Jeremias Portorreal continues to be the best hitter on the team. He had a single, three walks and two runs scored in this game. He has reached base in 23 of his last 24 games. Francisco Mepris had four hits and a walk out of the lead-off spot. He also stole his tenth base and scored a run. Rodolfo Castro had two hits and a walk. Yair Babilonia had two hits and drove in two runs. Ramy Perez drove in three runs.

  • Hughston reminds me of an OFer we had a few years ago who had a lot of power, played a decent OF, but K’d a lot, retired and then came back, but I can’t think of his name.

    Wes??? Wallace??

  • Tim or John some of these “rougher” outings from some of the pitching prospects, would you attribute some of that to innings pitched at this point of the season or no?

  • Just my opinion, but it seems to me that all this up and down from the minors to majors is not helping some of these guys.
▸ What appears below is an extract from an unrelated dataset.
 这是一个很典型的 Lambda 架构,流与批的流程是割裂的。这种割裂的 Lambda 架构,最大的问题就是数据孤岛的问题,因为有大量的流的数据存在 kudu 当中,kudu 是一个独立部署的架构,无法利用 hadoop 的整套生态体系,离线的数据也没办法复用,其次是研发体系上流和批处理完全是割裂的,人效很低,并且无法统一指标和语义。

  • Hey John, what do you see has Escobar’s ceiling in OF? With the depth we have probably a potential 4th/5th OF? I realize it is still early and a lot can happen..

    • Ceiling would be as a 4th outfielder. He has a lot of tools, just doesn’t have great plate patience. He has above average speed, can play all three outfield spots and has a strong arm. Good line drive hitter, won’t hit for power, but could get his share of doubles/triples. If they can get him to be a little more patient and wait for the right pitch, take the occasional walk and utilize his speed better on the bases, then he will reach that ceiling. Escobar should be a fun one to watch/follow this winter, assuming he plays in Venezuela like normal. Could have a big year leading into the 2017 season.
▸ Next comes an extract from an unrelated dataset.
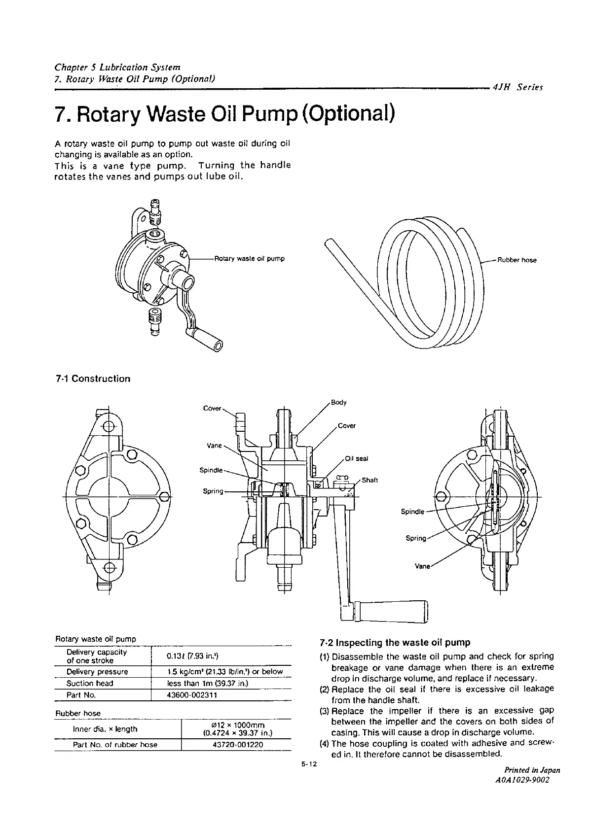 Yanmar 4JH2E - Rotary Waste Oil Pump Construction;Inspection

  • Tim or John, just an outside look at Indianapolis with all of the young guns pitching, Frazier, Moroff, Diaz, Meadows and even Rodgers, wouldn’t you think they would have a better record? Even with the call ups to the MLB club as well as promotions from Altoona, I would think they would leave the Indians with A better record. A thought? Maybe the farm teams aren’t really that good?
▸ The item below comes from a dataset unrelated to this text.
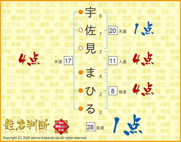 宇(6画)佐(7画)見(7画) ま(4画)ひ(2画)る(2画)

    • Good prospect teams don’t always equate to good teams. The teams are focused on development in those cases, which works against the record.

      As a quick example, how good do you think they’d be if they let Taillon pitch as deep as he can currently pitch in the majors? They were saving innings and pitches for late in the MLB season. Same goes for all of the other starting pitching prospects. Josh Bell has worked on tinkering with his swing through the year, and I doubt he’d do this as much in the majors.

      The focus in the minors is on development. The more prospects you have, the more the focus is on development, and the less it is on winning.